How to Scrape Single Page Applications (SPAs)

Learn how to scrape Single Page Applications built with React, Vue, and Angular. Covers rendering techniques, API interception, and practical examples.

Single Page Applications (SPAs) built with React, Vue, or Angular render content dynamically in the browser. A standard HTTP request returns an empty shell. Here is how to extract data from them.

Why SPAs Are Hard to Scrape

import requests
from bs4 import BeautifulSoup

# This returns an empty page for SPAs
response = requests.get("https://spa-website.com/products")
soup = BeautifulSoup(response.text, "html.parser")
print(soup.find_all("div", class_="product"))  # [] - empty!

The HTML source only contains a root <div> and JavaScript bundles. All content is rendered client-side after JavaScript execution.

Strategy 1: Find the Hidden API

SPAs fetch data from backend APIs. Finding and calling these APIs directly is the fastest and most reliable approach.

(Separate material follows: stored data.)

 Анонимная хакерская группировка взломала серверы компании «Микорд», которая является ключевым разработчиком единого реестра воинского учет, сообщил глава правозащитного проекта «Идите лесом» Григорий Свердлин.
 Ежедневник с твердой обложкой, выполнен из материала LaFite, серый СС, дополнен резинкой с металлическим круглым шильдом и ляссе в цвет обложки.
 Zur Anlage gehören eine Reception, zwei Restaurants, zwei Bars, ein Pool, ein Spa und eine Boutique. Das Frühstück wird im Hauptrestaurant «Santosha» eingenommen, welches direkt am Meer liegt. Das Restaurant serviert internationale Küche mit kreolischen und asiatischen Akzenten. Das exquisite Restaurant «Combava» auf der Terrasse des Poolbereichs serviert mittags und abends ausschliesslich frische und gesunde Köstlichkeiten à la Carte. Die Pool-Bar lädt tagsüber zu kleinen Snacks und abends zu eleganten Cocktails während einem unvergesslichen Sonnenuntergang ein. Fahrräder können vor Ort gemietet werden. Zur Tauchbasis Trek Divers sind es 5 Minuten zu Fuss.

from playwright.sync_api import sync_playwright
import json

api_calls = []

with sync_playwright() as p:
    browser = p.chromium.launch()
    page = browser.new_page()

    def capture_api(response):
        content_type = response.headers.get("content-type", "")
        if "application/json" in content_type:
            try:
                api_calls.append({
                    "url": response.url,
                    "status": response.status,
                    "data": response.json()
                })
            except:
                pass

    page.on("response", capture_api)
    page.goto("https://spa-website.com/products")
    page.wait_for_load_state("networkidle")
    browser.close()

# Now you have the API endpoints
for call in api_calls:
    print(f"API: {call['url']}")
    print(f"Data keys: {list(call['data'].keys()) if isinstance(call['data'], dict) else 'array'}")

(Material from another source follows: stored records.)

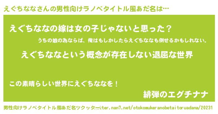 | 意味不明あだ名 | 『永久保存えぐちなな』『自称えぐちなな』 |
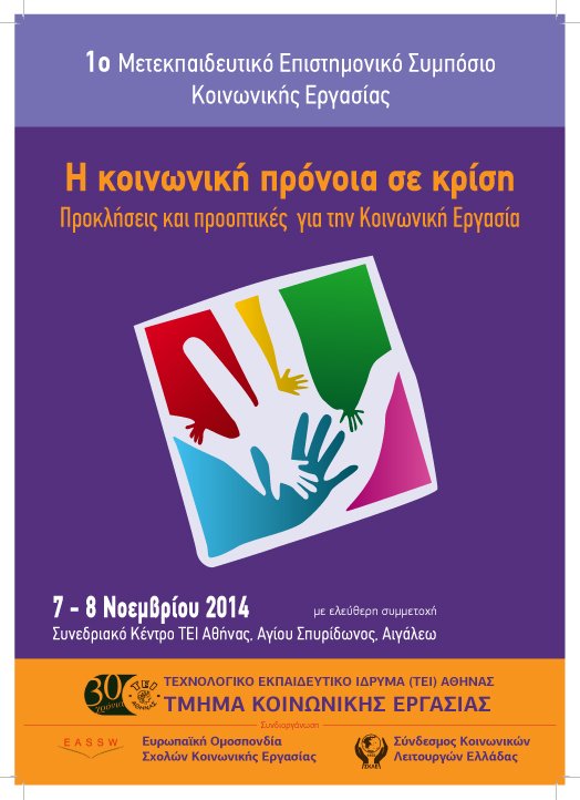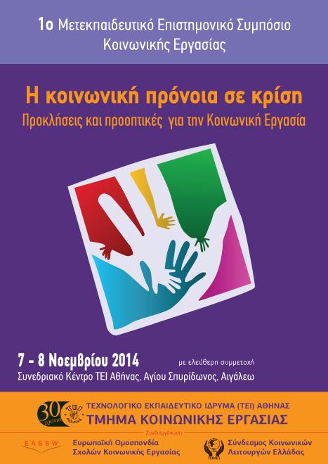 1ο Μετεκπαιδευτικού Επιστημονικού Συμπόσιου στην Κοινωνική Εργασία με Ευρωπαϊκή Συμμετοχή, με θέμα: «Η ΚΟΙΝΩΝΙΚΗ ΠΡΟΝΟΙΑ ΣΕ ΚΡΙΣΗ: ΠΡΟΚΛΗΣΕΙΣ ΚΑΙ ΠΡΟΟΠΤΙΚΕΣ ΓΙΑ ΤΗΝ ΚΟΙΝΩΝΙΚΗ ΕΡΓΑΣΙΑ» που θα πραγματοποιηθεί στις 7 και 8 Νοεμβρίου στο Συνεδριακό Κέντρο του ΤΕΙ Αθήνας (Δ/νση: Αγίου Σπυρίδωνος, Αιγάλεω).
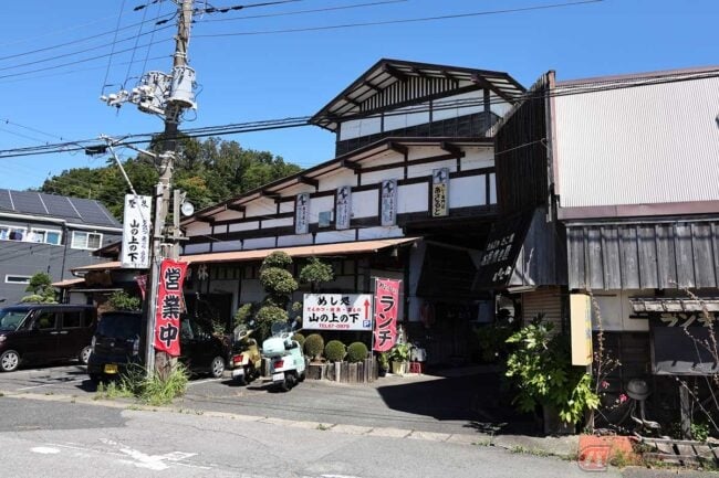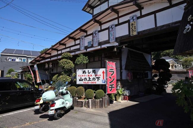 美味しいアジフライを求めて走る旅 イタリアンスクーターで行くレトロな木造建物に店を構える『めし処 山の上の下』
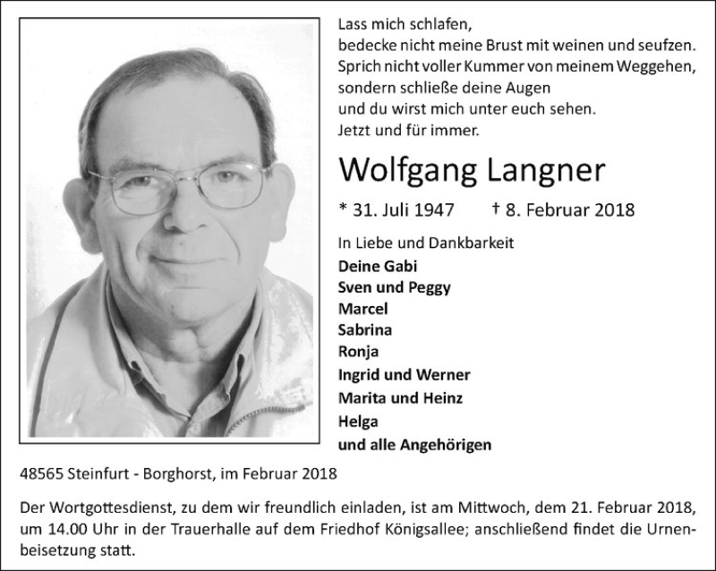 Hier finden Sie alle Traueranzeigen aus der Zeitung, die bisher für Wolfgang Langner erschienen sind. Weitere Traueranzeigen, die in der Zeitung erscheinen, werden hier ebenfalls aufgelistet

Once you know the API endpoint, call it directly:

import requests

# Direct API call - no browser needed
response = requests.get("https://api.spa-website.com/products?page=1&limit=50")
data = response.json()

Strategy 2: ScraperAPI with Rendering

When you cannot find or access the API directly, use ScraperAPI with JavaScript rendering.

import requests
from bs4 import BeautifulSoup

response = requests.get(
    "http://api.scraperapi.com",
    params={
        "api_key": "YOUR_SCRAPERAPI_KEY",
        "url": "https://spa-website.com/products",
        "render": "true",
        "wait_for_selector": ".product-card"  # Wait for content
    }
)

soup = BeautifulSoup(response.text, "html.parser")
products = soup.find_all("div", class_="product-card")
print(f"Found {len(products)} products")

Strategy 3: Playwright with Wait Conditions

from playwright.sync_api import sync_playwright

with sync_playwright() as p:
    browser = p.chromium.launch()
    page = browser.new_page()

    page.goto("https://spa-website.com/products")

    # Wait for the actual content to render
    page.wait_for_selector(".product-card", timeout=10000)

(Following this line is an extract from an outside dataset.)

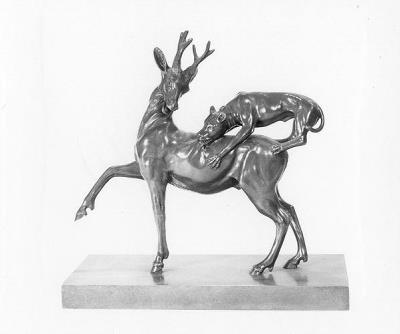 Kopie naar 'Hert met hond' (in particuliere verzameling) toegeschreven aan Francesco Fanelli (werkzaam 1608-1665). Een verwante, eveneens aan Fanelli toegeschreven groep, waarbij de beide voorpoten van het hert opgeheven zijn, is een kopie naar een Romeins marmeren beeld uit de collectie van de Vaticaanse Musea te Rome. ( Mieke van der Wal)
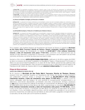 Fiscalización del Estado de Oaxaca, determina que subsiste la observación. Por lo que se emite:

    # Handle infinite scroll if needed
    prev_count = 0
    while True:
        page.evaluate("window.scrollTo(0, document.body.scrollHeight)")
        page.wait_for_timeout(2000)
        products = page.query_selector_all(".product-card")
        if len(products) == prev_count:
            break
        prev_count = len(products)

    # Extract data
    for product in products:
        title = product.query_selector(".title")
        price = product.query_selector(".price")
        print(f"{title.inner_text()}: {price.inner_text()}")

    browser.close()

Decision Tree

Check for __NEXT_DATA__ or embedded JSON in the page source first
Intercept API calls using browser DevTools or Playwright
Call APIs directly if they do not require authentication
Use ScraperAPI with rendering if APIs are protected or signed
Use full browser automation as a last resort

Finding the underlying API is always the best approach. It is faster, more reliable, and returns structured data.